Books Break the Boundaries of our Imagination


 

 

As we head into the last week before the end of summer, not the time the season ends, but our summer lives end, we will again face the seemingly never-ending battles over what books should be removed from our libraries from the politicians who claim they are for freedom who want to restrict our reading – and our thinking.

 

It almost 20 years since Azar Nafsi, now an exile here, wrote Reading Lolita in Tehran, the story of a book club reading and discussing books in secret because the Iranian government didn’t and still doesn’t want women to have the freedom to read and think.  She’s now written a new book, Reading Dangerously: The Subversive Power of Literature in Troubled Times.

 

The point of literature, she writes, is to disturb us.  To stretch our imaginations into realms we would not travel otherwise. Books are more than comfort food, the light so-called beach reads.
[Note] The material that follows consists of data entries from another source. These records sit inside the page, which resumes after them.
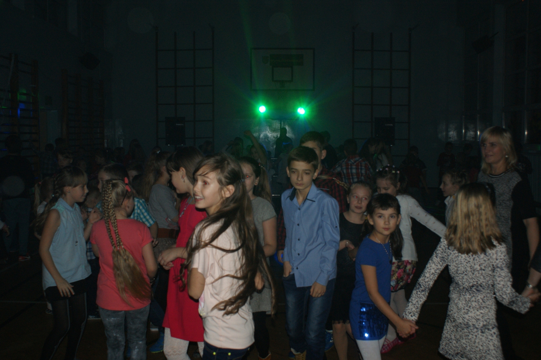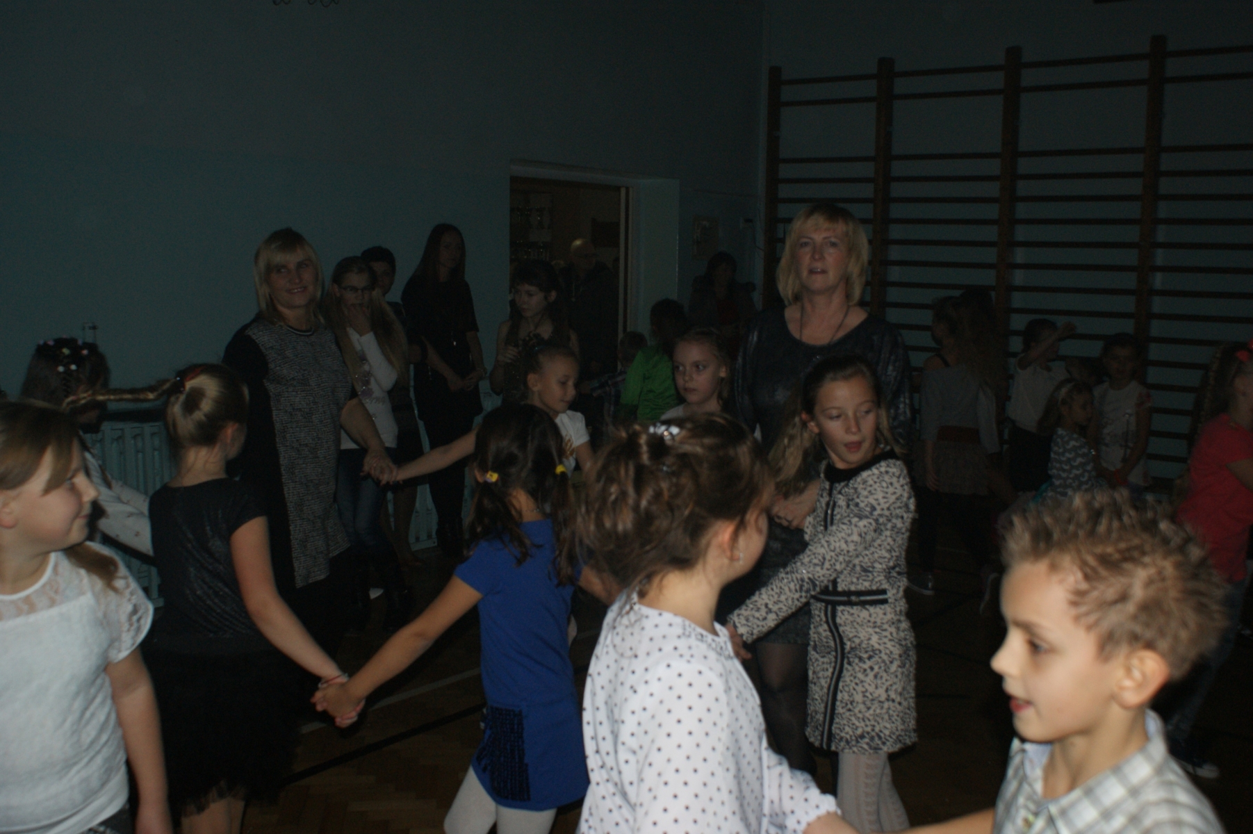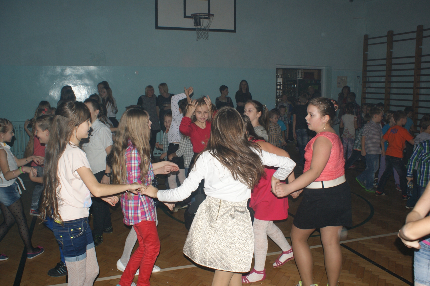 Po zajęciach lekcyjnych o godzinie 16.00, dzieci zebrały się na sali gimnastycznej, gdzie rozpoczęła się dyskoteka. Z radością można było obserwować, jak wspólnie potrafią bawić się uczniowie młodsi i starsi.
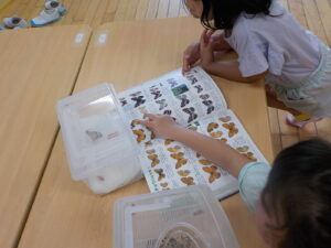 「図鑑と一緒だ!」図鑑と見比べてみる子どもたち。保育士がオスとメスで模様が違うことを知らせると、「この子はメスだね」と気づいていました。
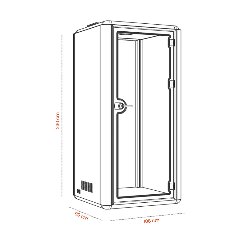 Cabina acústica/insonorizada vega box 1 diseñadas para ofrecer un espacio duradero, resistente y funcional. Ideales para optimizar la productividad en entornos profesionales, estas cabinas insonorizadas garantizan confort y privacidad.
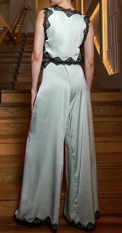 Effortless glamour with a modern edge. The "Odette" set is a stunning study in contrasts, featuring a shimmering, mint-green satin that drapes like a dream. The top is a refined, high-neck piece framed by exquisite, black Chantilly lace appliqué that defines the silhouette. It pairs perfectly with our high-waisted, wide-leg trousers, which echo the lace trim at the hem for a sophisticated, flowing look from head to toe. This is the ultimate ensemble for the modern host or an elegant evening out.
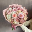 Букет розовых маттиол и кремовых роз
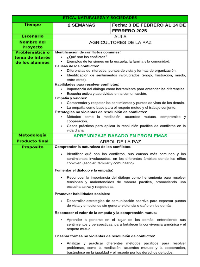 del conflicto, emociones involucradas, y propuesta de solución pacífica. Proyecto de
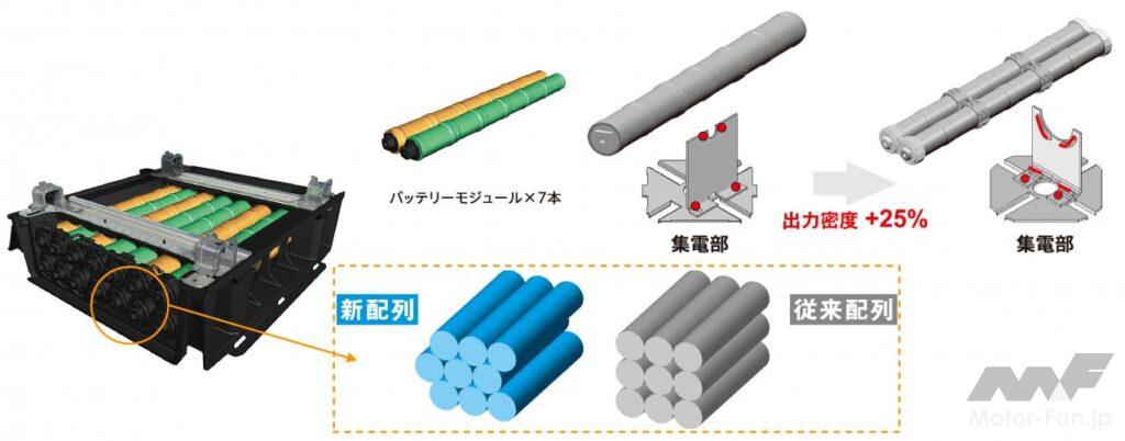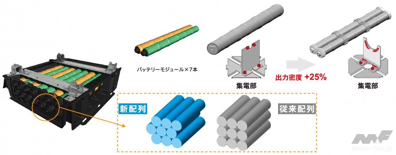 1.2Vの単セルを12本まとめたのが1モジュール(14.4V)。シビック・ハイブリッドは11モジュールなので158V。インサイトは7モジュールなので100.8Vとなる。三洋電機の努力の甲斐があり、内部抵抗を3割下げることで出力を3割高めることに成功。と同時に耐久性を3割高める努力もしている。電気のやりとりを従来よりも激しく行なえば、電極の傷みもそのぶん早く進行する。出力は高いが寿命は短いでは製品として成立しないため、耐久性向上も外せない課題だった。※図版は2代目シビック・ハイブリッドのもの。

The point of reading is to create a republic of the imagination that transcends our national, religious, and political limits.  It is an ultimate act of reedom.

 

Prayer for the Day

 

Offered visions of futures we cannot imagine,

    We turn aside for fear of change,

Invited to dream of a world beyond our comprehension,

    We shutter with the demands made upon us.

Move us beyond familiarity with the past, O Lord,

     And unbolt the doors of our minds and hearts.          

In the name of the One who opens us to all possibilities,

     Even Christ Jesus our Lord, Amen.

 

Thoughts for the Day

 

But in democracies we don’t kill our opponents or put them in jail – or just ban their books as we are doing right now – what threatens us is our sleeping consciousness and our atrophy of feeling. . What imagination does, it awakens our senses, it awakens our consciousness.

            Azar Nafsi, interview in World Literature Today

 

Readers are born free and they ought to remain free.

            Vladimir Nabokov, writer (1899-1977)

 

Do not be conformed to this world, but be transformed by the renewing of your minds that you may discern what is the will of God—what is good and acceptable and perfect.